== Try it ==
Could you set down the listing below exactly and omit its images?

== Supplied material ==
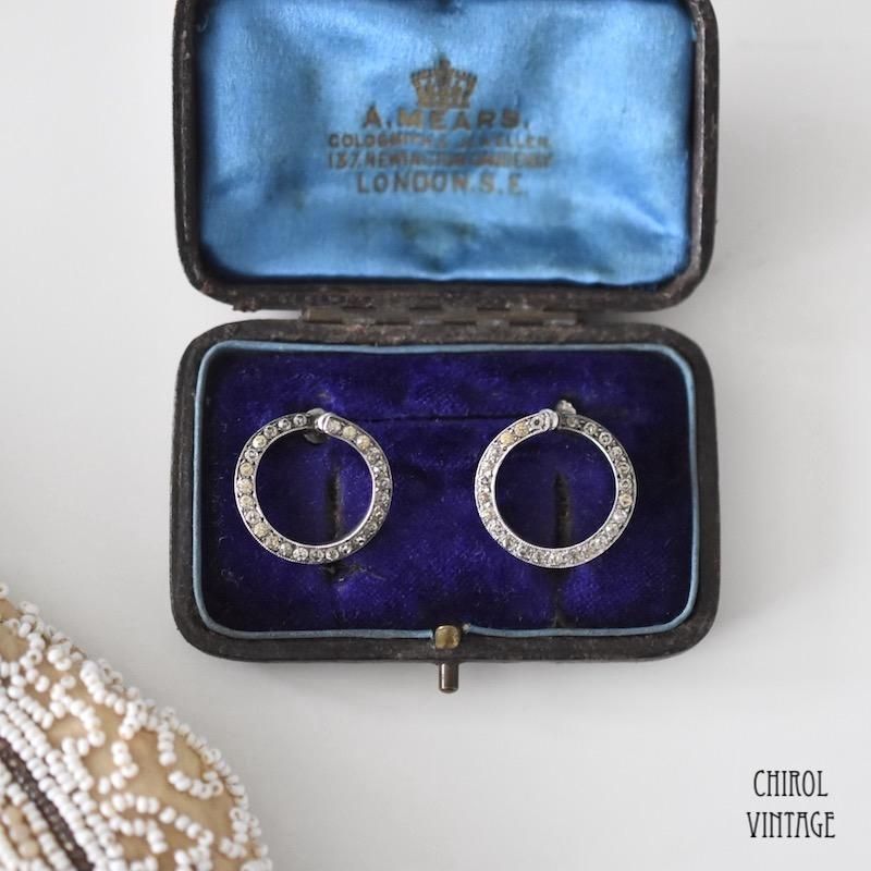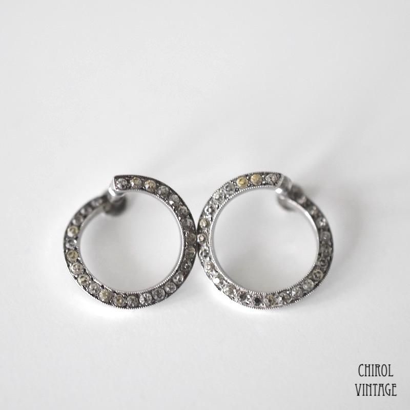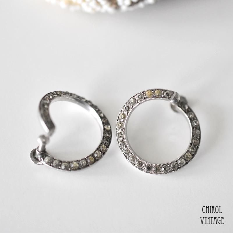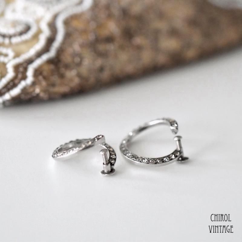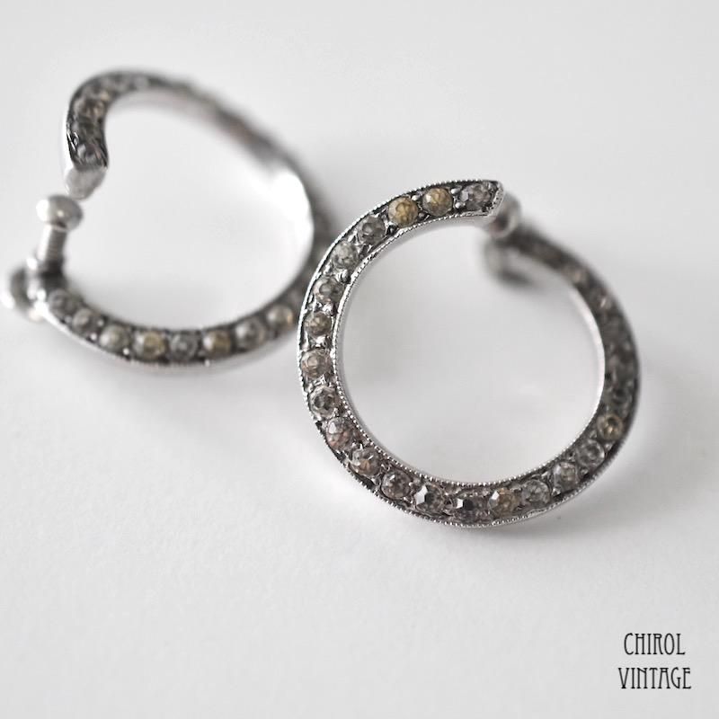 アンティーク クリアグラス シルバー ツイストフープイヤリング
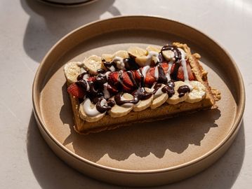 Harina de almendra, harina de avena, huevo, mantequilla ghee, plátano, fresa, yogurt griego y chocolate amargo líquido.
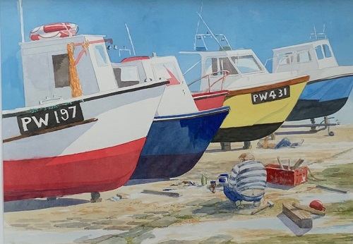 1. The Boatyard [Section Boats]: This encapsulates so much about coastal life in Cornwall and Devon, including for me and my brother (both usually reluctantly) helping my dad with boat maintenance. The colours are strikingly vibrant compared to most of Roger's work, which for me is an optimistic view of the longevity of the fishing boats out of Padstow. The builder's bum is obviously a piece of added mischief which I can hear Roger chuckling about as he paints it.

== Your response ==
 アンティーク クリアグラス シルバー ツイストフープイヤリング
 Harina de almendra, harina de avena, huevo, mantequilla ghee, plátano, fresa, yogurt griego y chocolate amargo líquido.
 1. The Boatyard [Section Boats]: This encapsulates so much about coastal life in Cornwall and Devon, including for me and my brother (both usually reluctantly) helping my dad with boat maintenance. The colours are strikingly vibrant compared to most of Roger's work, which for me is an optimistic view of the longevity of the fishing boats out of Padstow. The builder's bum is obviously a piece of added mischief which I can hear Roger chuckling about as he paints it.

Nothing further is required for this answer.